Great post. Is there a way to use CountVectorizer on a corpus which is a list and not a string?
Hmm, what do you mean exactly? Can you elaborate?
Hey Jason, Great article.
I was wondering if you could demonstrate how to combine NLP with time series analysis (ARIMA model) as you presented in this article? https://machinelearningmastery.com/make-sample-forecasts-arima-python/
Not many resources online that discuss this and many errors come from using CountVectorizer with ARIMA
Thanks for the suggestion.
In the CountVectorizer section, the codes includes “print(vectorizer.vocabulary_)”, which returns a dictionary comprised of the tokens and their respective indices in the array. See below.

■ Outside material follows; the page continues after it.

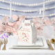 Birthday party medium gable favour box with a cute happy unicorn, balloons, golden stars and clouds in soft shades of pink and beige. You can choose from 3 sizes of these gable favour boxes. Easily personalise the text. - Kate Eden Art

{‘dog’: 1, ‘fox’: 2, ‘over’: 5, ‘brown’: 0, ‘quick’: 6, ‘the’: 7, ‘lazy’: 4, ‘jumped’: 3}
It seems that the tokens are assigned an index based on alphanumeric. Is there any other significance to the order?
Not that I’m aware.
How we can pass two columns for the ‘X’ for preparation of the model?
Perhaps prepare each variable separately then concat the results prior to modeling?
Hi Jason! I am trying to perform tfidf vectorization on my train_x dataframe (4064, 1). But after calling fit_transform(train_x).toarray(), the resulting matrix has size (1,1) which doesn’t make sense. Why is this happening?
May be your input matrix is in the wrong shape? Transposed?